§ **WHAT YOU ARE ASKED TO DO**: Write out again, unchanged, the line that has "For the point" and each following line through the end of the entries below; leave pictures out.

§ **RECORDS FOR THE EXERCISE**:

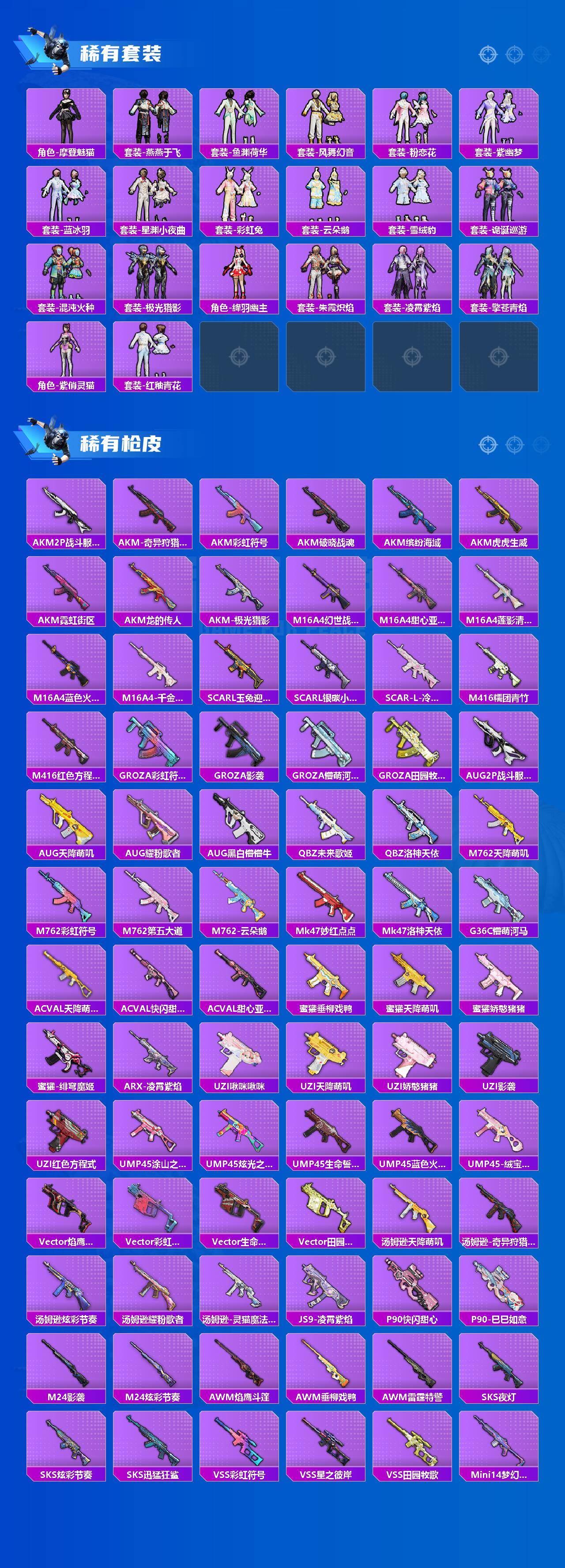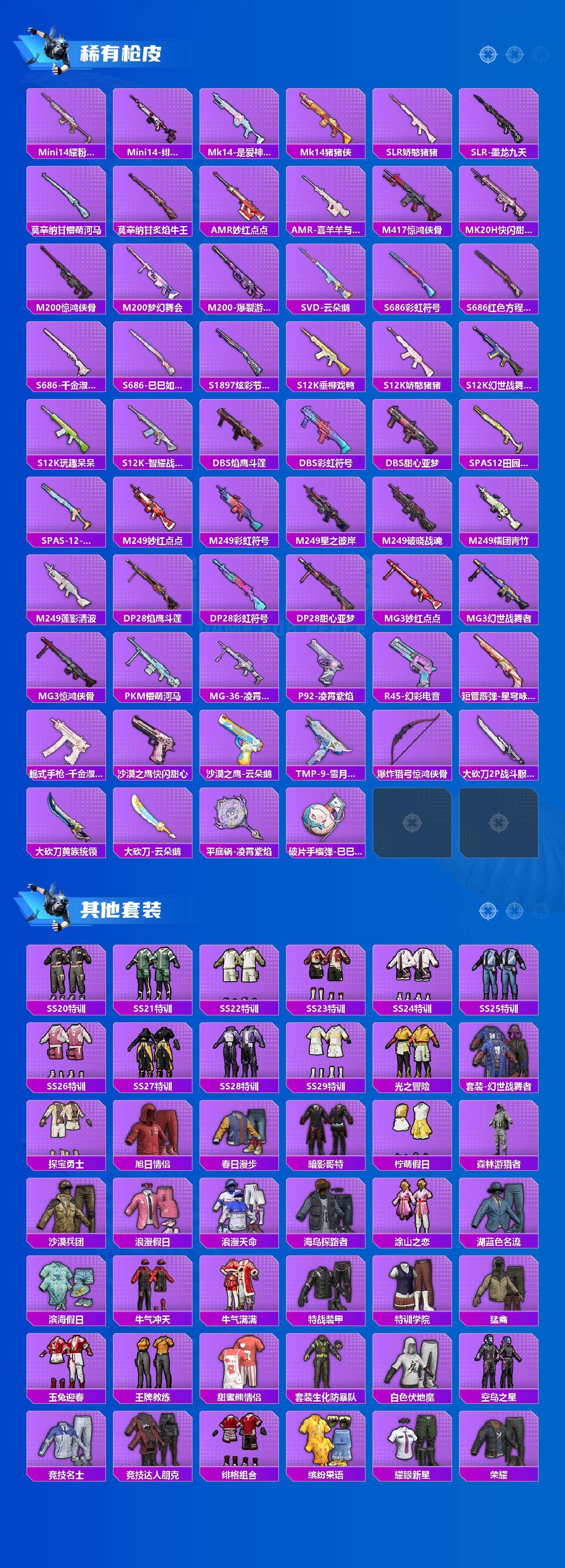 - [15229179]【暑期末清货/特价急出/永久包赔/商品详情看图】:有二次/超多王者武器/三国武器/4英雄角色数-173英雄武器数 【王者系列】:王者之翼,王者之击,王者之戮,王者之心,王者之神,王者之啸 【热门武器】:M4A1-武圣,AK47-游骑兵,M4A1-游骑兵,81式-阿波罗,COP 357-青龙,COP 357-绚樱 【英雄武器】:AK47-樱斗士-二觉,AK47-猩红传说,AK47-沙漠郡主-超觉,AK47-冰魂,AK47-游骑兵,AK47-无影,AK47-沙漠领主,AK47-沙漠领主,AK47-变色龙,AK47-沙漠郡主-一觉,AK47-血武士,AK47-幸运日,M4A1-龙血,M4A1-君威GS,M4A1-君威GS,M4A1-武圣,M4A1-游骑兵,M4A1-海骑士,SCAR-探星者,SCAR-印刷术,AN94-超新星,AUG-机械纪元,QBZ03-湮灭,QBZ03-湮灭,剑齿虎-炫彩,AWM-裁决,巴雷特-枪娘,M200-心动次元觉醒,98K-黑骑士,RPK-赤炎盘龙,加特林-堡垒,加特林-堡垒,刘易斯-血月,QBB95-极光,MK5-机械纪元,MK5-机械纪元,汤姆逊-烈龙,汤姆逊-烈龙,汤姆逊-烈龙,汤姆逊-烈龙,双持斯泰尔-天使,QCW05-死神,QCW05-变形金刚·大黄蜂,CZS2-心动次元,PP19野牛-造纸术,地狱烈炎,KSG-火力竞放,地狱火,USP-神罚,USP-神罚,USP-神罚,USP-神罚,USP-神罚,沙鹰-波塞冬,沙鹰-火麒麟,沙鹰-天神,左轮-黑武士觉醒,蟒蛇-火力竞放,GLOCK18-武圣,QSZ92-华夏传说,双管猎枪-黑骑士,柯尔特-伏刹山海觉醒,激光短刃-黑骑士,墨刃-幻神,尼泊尔-火麒麟,麒麟刺,麒麟刺,麒麟刺,擎天觉醒,秋逸觉醒,擎天,擎天,神罚战斧,星芒,星芒,血阳,血阳,耀金雷刃,斩魔剑-天使,斩魔刀,丈八蛇矛 【其他武器】:玫瑰精灵,玫瑰精灵 【角色】:零,葵,关小雨,关小雨 【万化皮肤】:王者之锋-冰霜奇迹
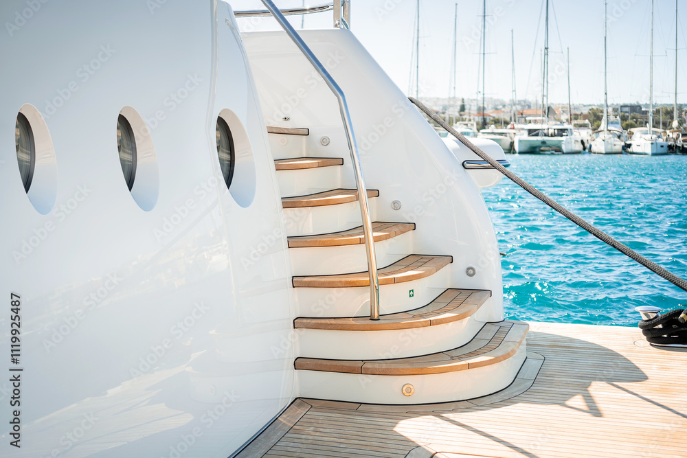 Stern and swim platform of a modern superyacht at dock with beautiful golden teak deck staircase while in a marina with blue sky, and blue sea in the background
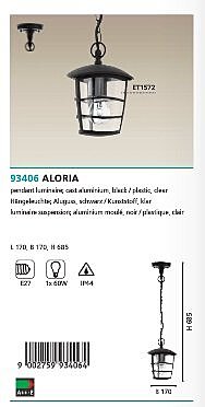 kompatibilní závit(patice) E27Venkovní závěsné svítidlo řady Aloria je vyrobeno z hliníkové slitiny a umělé hmoty. Závěs svítidla má zpracování řetězu na jehož konci se nachází stínidlo, které svým designem připomíná lucerničku.
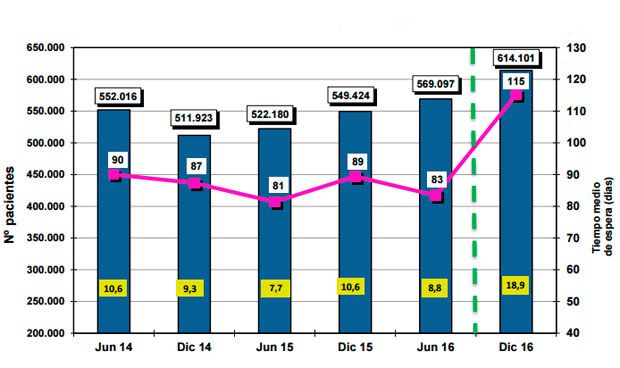 la lista de espera quirúrgica por especialidades médicas ha subido en 45.004 personas en el último semestre, o lo que es lo mismo, actualmente hay 13,65 pacientes esperando por cada 1.000 habitantes (un 18,9 por ciento más que hace seis meses). En días, a finales de año un paciente debía aguardar 115 días para ser atendido, lo que supone un mes más (32 días) que en junio de 2016.
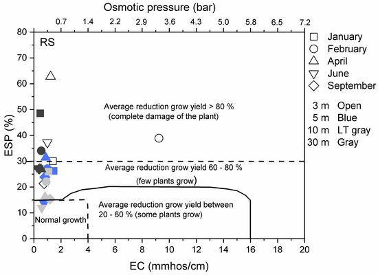 For the point at a distance of 10 m at RS, EC also decreased, but only from January to June (1.1 to 0.5 dS/m), and then increased again to a value of 1.2 dS/m in September. This increment may be attributed to soluble Na+ coming from the area at a distance of 3 m where there was a large amount of salt. In general terms, EC decreased with increasing distance each month, with low values of EC at 30 m (around 0.5 dS/m) and the lowest value in September (around 0.33 dS/m).
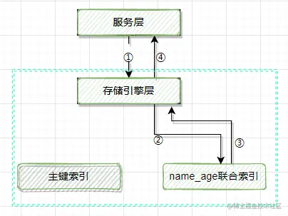 idx_age为非聚簇索引,索引的叶子节点为年龄+主键Id,顺便提一下,不知道你有没有考虑为什么该索引的叶子节点不直接挂的是行记录呢? 我想原因有二:1.主键已经有行记录,再次存储占用额外的空间,如果二级索引更多,存储冗余就更大 2.mysql的存储以page为存储单元,如果单索引键空间占用更多,一个page能容纳的键更少,导致树更深,检索需要更多的IO访问。

§ **RESULT FOR THIS TASK**:
 For the point at a distance of 10 m at RS, EC also decreased, but only from January to June (1.1 to 0.5 dS/m), and then increased again to a value of 1.2 dS/m in September. This increment may be attributed to soluble Na+ coming from the area at a distance of 3 m where there was a large amount of salt. In general terms, EC decreased with increasing distance each month, with low values of EC at 30 m (around 0.5 dS/m) and the lowest value in September (around 0.33 dS/m).
 idx_age为非聚簇索引,索引的叶子节点为年龄+主键Id,顺便提一下,不知道你有没有考虑为什么该索引的叶子节点不直接挂的是行记录呢? 我想原因有二:1.主键已经有行记录,再次存储占用额外的空间,如果二级索引更多,存储冗余就更大 2.mysql的存储以page为存储单元,如果单索引键空间占用更多,一个page能容纳的键更少,导致树更深,检索需要更多的IO访问。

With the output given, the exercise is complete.